According to Shourie, the trouble with licensing is that they create vested interests which then worked to prevent progress and even resist the march of cheaper and better technology. This, he added, has discouraged investment in India’s rapidly expanding telecommunications sector.
Shourie’s unified licence scheme settled a war raging in India between the providers of Groupe Speciale Mobile (GSM) cellular handphone technology and those cutting into their business by offering similar services through the more advanced code divisions multiple access or CDMA technology.
Under the earlier regime, different licences at vastly differing rates allowed operators to offer cellular, limited mobility and fixed-line services. But some providers with short-distance licenses began to use technology to provide ”roaming” facilities.
”The state cannot keep providing compensatory packages to those who are disadvantaged by each wiggle of technology or fortune,” Shourie, a journalist-turned-politician.
He was responding to demands for compensation by GSM providers, who argued that they had to pay large licence fees for their services and were therefore entitled to protection if disadvantaged by the entry of CDMA providers.
Shourie said it had become impossible to fine-tune the flood of technological change, what with service providers offering nearly 600 schemes and packages with differing combinations of attractive prices, credit arrangements, deferred payments, handset choice and every available voice and data service.
The GSM operators, grouped together as the Cellular Operators Association of India (COAI), took the issue to the Supreme Court on Thursday and publicly denounced Shourie’s unified licence as ”partisan and one-sided”.
What worries the COAI is that powerful players that use CDMA technology, such as Reliance Infocomm, will now use their cheaper and better efficient technology to offer consumers more for less and wipe out GSM in India. Their services include fast Internet as well. Earlier this month, Reliance beefed up its network by acquiring the global broadband provider Flag Telecom – which has 50,000 kilometres of undersea cable networks stretching from the United States to Japan – for a sum of 207 million U.S. dollars.
”We are looking ahead of just mobile telephony – we are planning a revolution that will cover millions of Indians,” said Amit Khanna, spokesman for Reliance Infocomm.
Khanna said his company’s next target was the estimated 100 million Indian homes that are hooked to cable television, which would be used to provide voice and data as well as video services.
Reliance Infocomm already has five million subscribers for its CDMA-based cellular service.
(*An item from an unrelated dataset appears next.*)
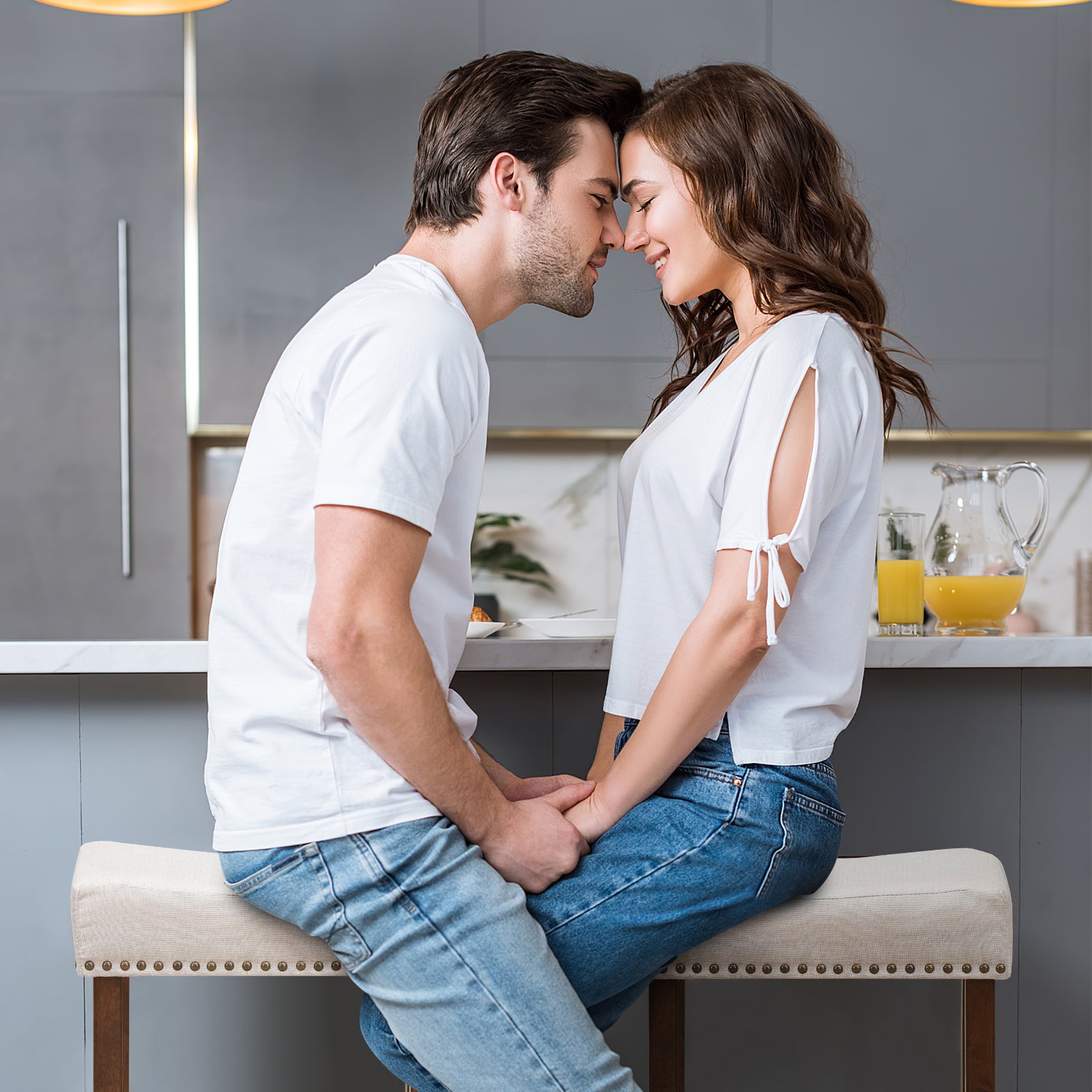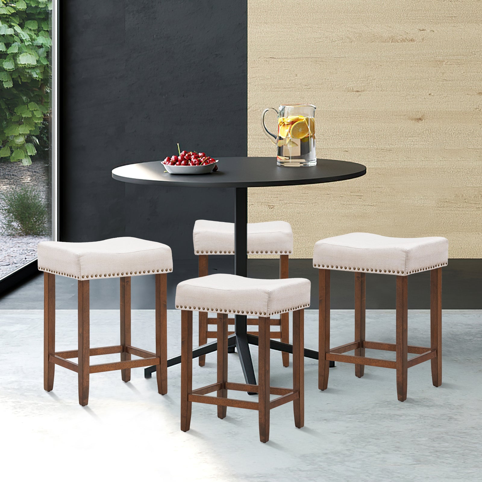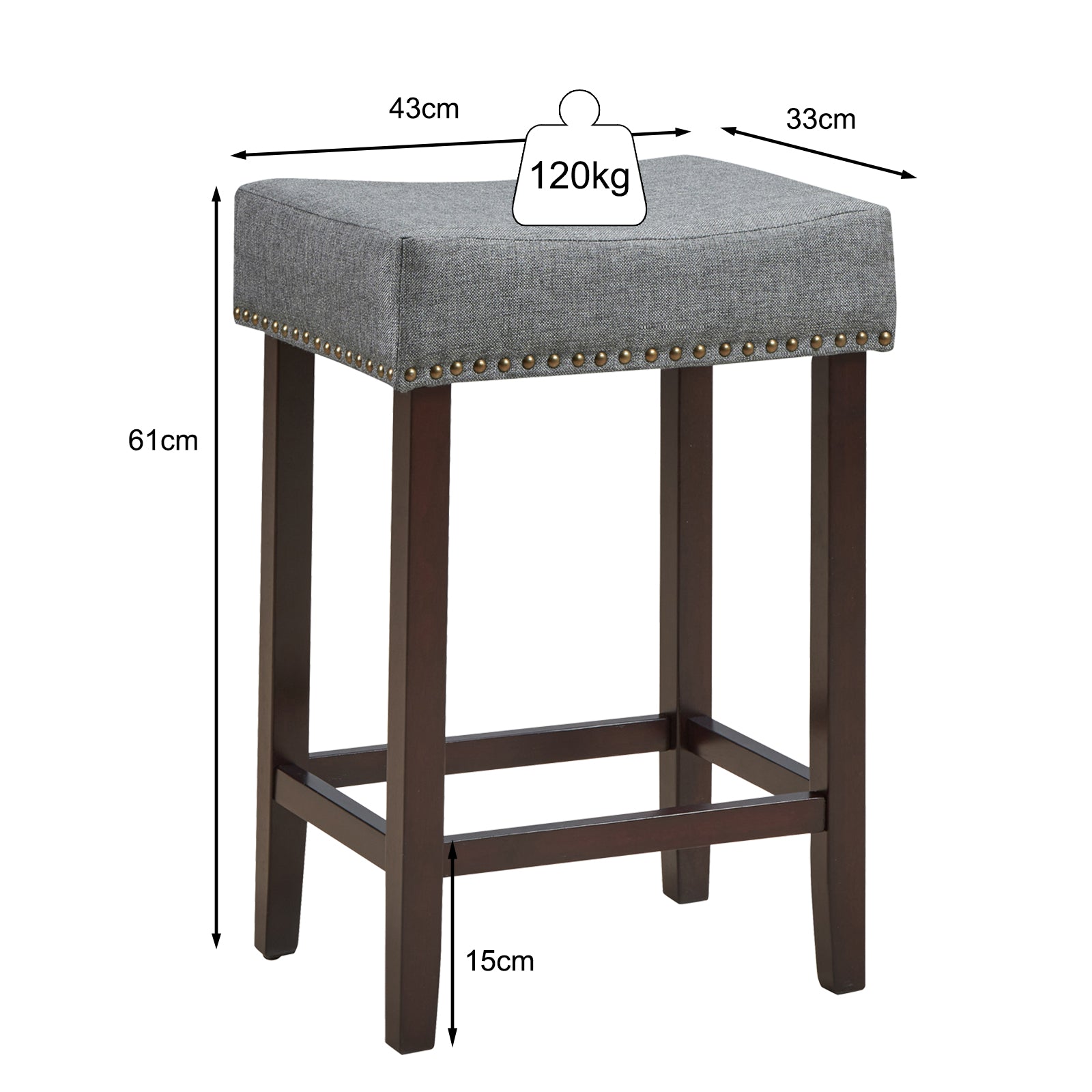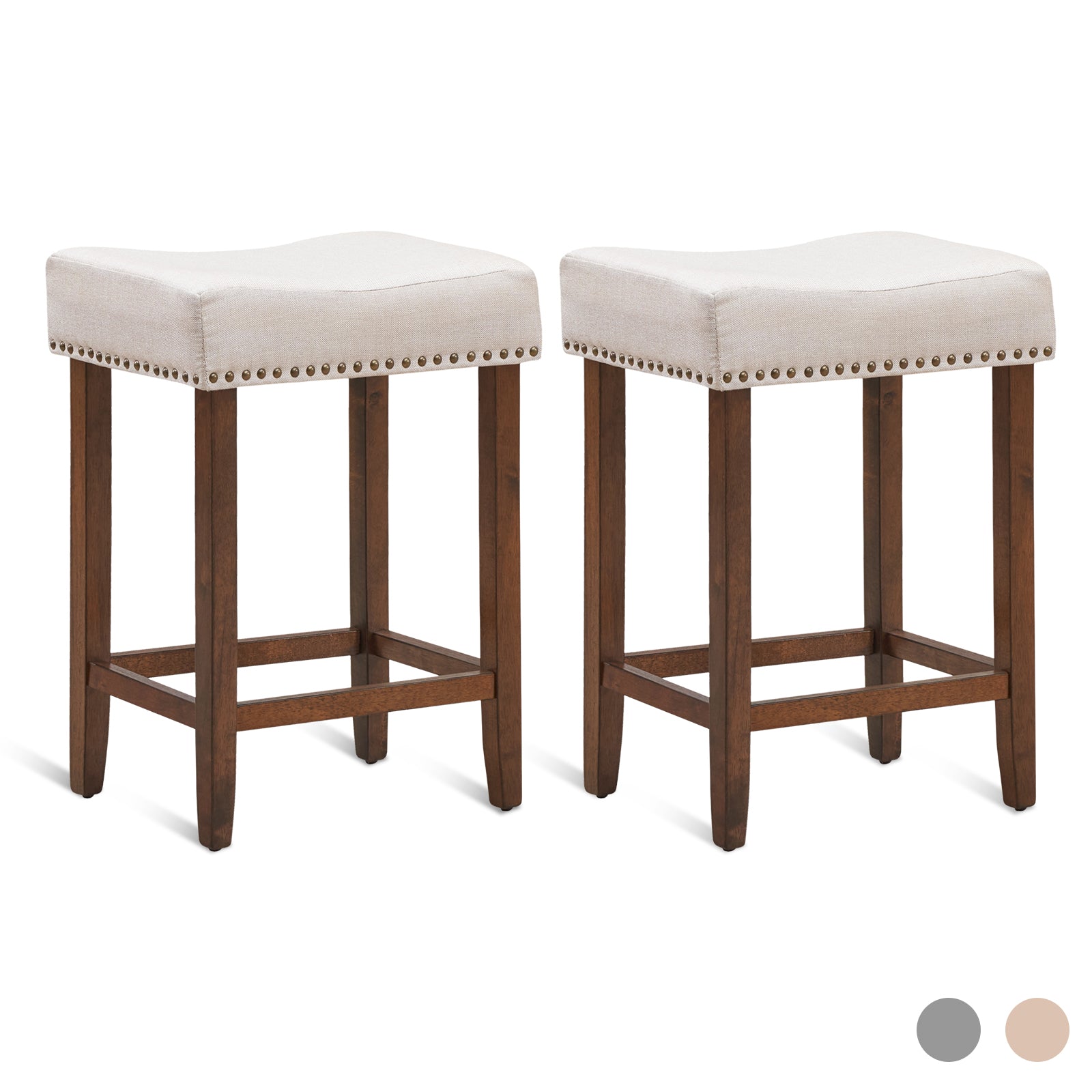 This is our brand new bar stools set, which is a great way to provide the comfort and relax for you.Made of solid rubber wood construction, these stools provide you years of durable use. The seats are firmly cushioned and equipped with the mixed linen and cotton fabric upholstery. Ergonomically saddle shape pluses feet pedals for much comfort. Classic nailhead studs are set around the stools, revealing the royal atmosphere. What’s more, these upholstered stools are pretty easy to assemble with our easy-to-follow instruction.With simple and elegant design, these stools are compatible with your home, bars, office etc.

With the blessings of the unified licence scheme that allows it to legally provide roaming, its subscriber base is expected to grow in leaps and bounds.
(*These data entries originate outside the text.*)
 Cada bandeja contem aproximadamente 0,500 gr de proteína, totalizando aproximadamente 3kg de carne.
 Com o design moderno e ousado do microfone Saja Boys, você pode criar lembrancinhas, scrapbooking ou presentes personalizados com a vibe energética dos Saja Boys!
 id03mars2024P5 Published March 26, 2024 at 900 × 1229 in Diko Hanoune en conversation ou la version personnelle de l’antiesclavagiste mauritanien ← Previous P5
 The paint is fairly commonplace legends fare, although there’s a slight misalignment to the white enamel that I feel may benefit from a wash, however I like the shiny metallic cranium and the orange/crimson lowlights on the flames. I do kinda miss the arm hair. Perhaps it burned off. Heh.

On Thursday, the company paid the government a total of 130 million dollars as ‘migration’ fee and a 100 million dollar penalty for providing roaming illegally.
”When technology enables people to avail of or provide a service and licences prohibit it, the licensing regimes will be violated,” said an indulgent-sounding Shourie, departing from the iron-fisted approach of his predecessors.
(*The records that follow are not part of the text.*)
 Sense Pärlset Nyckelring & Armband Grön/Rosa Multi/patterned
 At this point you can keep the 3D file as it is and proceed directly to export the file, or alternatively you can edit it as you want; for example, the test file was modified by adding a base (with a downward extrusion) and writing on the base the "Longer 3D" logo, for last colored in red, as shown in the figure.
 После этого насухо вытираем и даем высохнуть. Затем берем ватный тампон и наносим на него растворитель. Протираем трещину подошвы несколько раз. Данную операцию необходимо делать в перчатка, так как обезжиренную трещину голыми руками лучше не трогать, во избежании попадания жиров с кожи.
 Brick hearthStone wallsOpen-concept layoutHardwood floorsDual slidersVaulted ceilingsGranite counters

According to Shourie, experience has shown that setting enforcers on violators only encouraged corruption, while technical sophistication was constantly making policing more difficult.
The minister cited the example of how the government tried to crack down on people using Internet telephony to circumvent India’s high long-distance tariffs a couple of years ago – but ended up legalising ‘voice over internet ‘ while lowering tariffs on regular telephone lines.
Another curious case of technology triumphing over those who would harness it for profit is the case of cable television operators that resisted plans to introduce conditional access systems (CAS).
CAS involves using a set-top box and allowing the government to monitor actual usage of television channels and claim a share of profits.
After shifting several deadlines and much lobbying, the government failed to introduce CAS, except in southern Chennai city and has shelved plans to get cable operators elsewhere to comply.
This month, both the government and the cable television providers were defeated by the emergence of direct-to-home (DTH), which allows users to capture satellite signals using a small dish antenna – and for about a third of prevailing costs.